Evvelki bölümlerde de değinildiği üzere 6 ve 9 sayıları yaratılıştaki düaliteyi temsil eden iki önemli sayıdır. Ezoterik nümerolojide 6 sayısı yaratılışı ( 6 günde yaratılış ), yaratılıştaki düzeni ( ilahi nizamı ), doğruluğu ( Allah yolunu ) simgeleyen bir sayı iken, 9 sayısı ise tam tersi kavramlar olan kaosu, yanılgıyı, aldatmayı / aldanmayı ve sihiri simgelemektedir. Ancak elbette bu iki sayı ilahi nizamdaki düalite sistemini ve mükemmelliği simgeleyen ayrılmaz ikili durumundadır. 6 ve 9 sayılarının şekilsel olarak da birbirlerinin tersi olmaları düalite kavramının bir başka tezahürü niteliğindedir. 

Uzakdoğu mistisizminde yer alan ve yaratılıştaki düaliteyi simgeleyen "Yin Yang" isimli sembol de 6 ve 9 sayılarının yanyana gelmiş halidir.

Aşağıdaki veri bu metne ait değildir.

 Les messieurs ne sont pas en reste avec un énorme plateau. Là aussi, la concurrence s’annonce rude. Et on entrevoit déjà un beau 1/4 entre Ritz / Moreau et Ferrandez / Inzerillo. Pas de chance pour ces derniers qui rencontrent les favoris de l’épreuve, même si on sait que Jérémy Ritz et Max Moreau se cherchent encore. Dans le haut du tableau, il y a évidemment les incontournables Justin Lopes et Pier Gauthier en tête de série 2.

Kaynaklara göre "Yin" kelimesi "Karanlık", "Yang" kelimesi ise "Aydınlık" anlamına gelmektedir.

             Yin Yang

Yaratılıştaki düalitenin sembolü olan "Yin Yang" figüründe “6” sayısına benzeyen kısım olan "Yang", “Aydınlığı” ( Allah yolunu ), “9” sayısına benzeyen kısım olan "Yin" ise “Karanlığı” ( Şeytan yolunu ) temsil etmektedir.

Yin / Jin* = Karanlık
Yang** = Aydınlık

* Yin = Cin, ( Görünmeyen, Karanlık )

** Yang = Doğum, Aydınlanma ( "Young" ( Genç, Doğan, Yeni Doğan) )

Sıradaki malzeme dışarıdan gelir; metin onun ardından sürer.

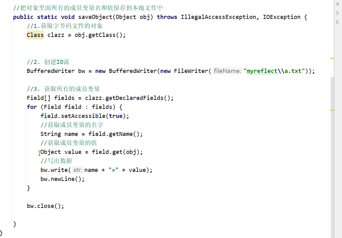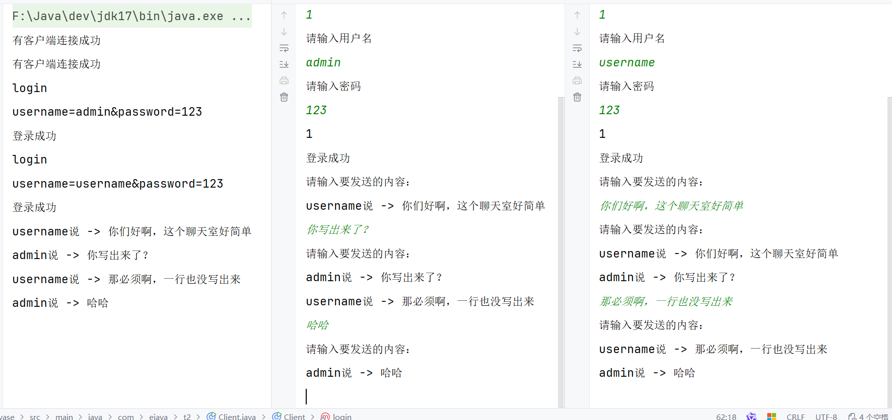 // 开始聊天getAndSendMsg2AllClient(usernameInput);} else {System.out.println("密码错误");sendMessage2Client("2");}} else {System.out.println("用户不存在");sendMessage2Client("3");}}private void getAndSendMsg2AllClient(String usernameInput) throws IOException {BufferedReader br = new BufferedReader(new InputStreamReader(socket.getInputStream()));while (true) {String msg = br.readLine();System.out.println(usernameInput + "说 -> " + msg);Server.list.forEach(s -> {try {sendMessage2Client(s, usernameInput + "说 -> " + msg);} catch (IOException e) {throw new RuntimeException(e);}});}}private void sendMessage2Client(String msg) throws IOException {/*这种写法需要手动拼接 \n 换行符号OutputStream outputStream = socket.getOutputStream();outputStream.write((msg + "\n").getBytes());outputStream.flush();*/BufferedWriter bw = new BufferedWriter(new OutputStreamWriter(socket.getOutputStream()));bw.write(msg);bw.newLine();bw.flush();}private void sendMessage2Client(Socket s, String msg) throws IOException {

Kur'an'da 6 sayısı 9 kere, 9 sayısı ise 6 kere tekrarlanmaktadır.

6 sayısının geçtiği ayetler

7/54 sitteti ( altı ), 10/3 sitteti ( altı ), 11/7 sitteti ( altı ), 18/22 sadisu ( altıncı ), 25/59 sitteti ( altı ), 32/4 sitteti ( altı ), 50/38 sitteti ( altı ), 57/4 sitteti ( altı ), 58/7 sadisu ( altıncı )

9 sayısının geçtiği ayetler

17/101 tis'a ( dokuz ), 18/25 tis'a ( dokuz ), 27/12 tis'i ( dokuz ), 27/48 tis'atü ( dokuz ), 38/23 tis'une ( dokuz ), 74/30 tis'ate* ( dokuz ) 

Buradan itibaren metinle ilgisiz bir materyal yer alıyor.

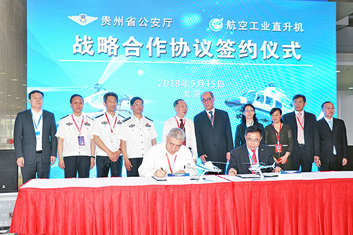 5月15日,第九屆中國國際警用裝備博覽會開幕之際,航空工業與貴州省公安廳簽署戰略合作協議,公安部黨委委員、部長助理王儉,貴州省公安廳常務副廳長王瑛瑋,航空工業總工程師汪亞衛出席簽約儀式。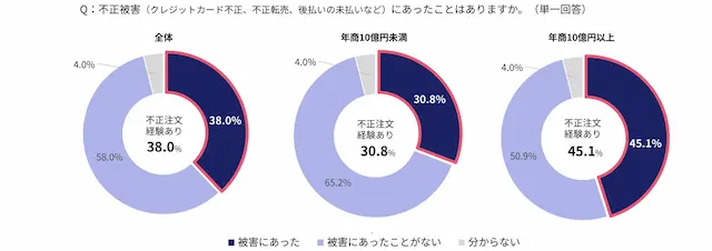 不正注文の被害経験率は38.0%で、2024年の41.8%からわずかに減少。年商10億円以上では45.1%、10億円未満では30.8%という結果が示され、大手ほど被害を受けやすいという傾向が見られます。被害種別ではクレジットカード不正利用が最も多く63.8%を占めています。
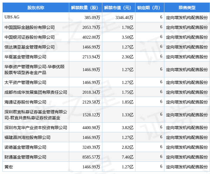 本次解禁涉及股东明细见下表:

* Bu ayette "dokuz" sayısı "ondokuz" sayısının içinde yer alacak şekilde geçmektedir.

6 ve 9 sayılarının çarpımları olan 54 sayısının nümerolojik değeri ( 5+4 = 9 ) "9" sayısını, toplamları olan 15 sayısının nümerolojik değeri ( 1+5 = 6 ) ise 6 sayısını vermektedir. 

Kur'an'da hurufu mukattanın, "Apaçık kitabın ayetleri**" oldukları, ilk kez Yusuf suresinin ilk ayetinde ve "Elif Lam Ra" harflerinin de bulunduğu ayet vasıtasıyla bildirilmektedir. Bu ayette "9" kelime bulunmaktadır.

12/1 ELİF (1) LAM (2) RA (3) tilke (4) ayatu (5) el (6) kitabi (7) el (8) mubin (9) 

( ELİF LAM RA. Bunlar apaçık kitabın ayetleridir. )

( ** "Ayet" kelimesi "İşaret, Sembol, Göze hitap eden" anlamlarına gelen bir kelimedir. )

"Elif", "Lam" ve "Ra" harflerinin alfabedeki sıra numaralarının toplamlarının ( 1+12+20 = 33 ... 3+3 = 6 ) nümerolojik değeri de 6 sayısını vermektedir. Ayetteki Elif, Lam ve Ra kelimelerinin sıra numaralarının toplamı da ( 1+2+3 = 6 ) 6 sayısını vermektedir.

Ayrıca "Elif Lam Ra" harf seti, harflerin oluşturduğu anlam itibarıyla "El Ra" yani "İlah / Tanrı görür." anlamını yansıtmaktadır. Kur'an'da "Elif Lam Ra" harflerini içeren 6 adet huruf seti bulunmaktadır.

Yusuf suresinin birinci ayetiyle ilintili olan ve Kur'an'a işaret eden ikinci ayetinde de 9 kelime bulunmaktadır.

12/2 İn (1) na (2) enzelna (3) hu (4) kur'anen (5) arabiyyen (6) lealle (7) kum (8) ta'kilun (9) 

( Kesinlikle biz onu Arapça Kur'an olarak indirdik. Umulur ki akıl edersiniz. )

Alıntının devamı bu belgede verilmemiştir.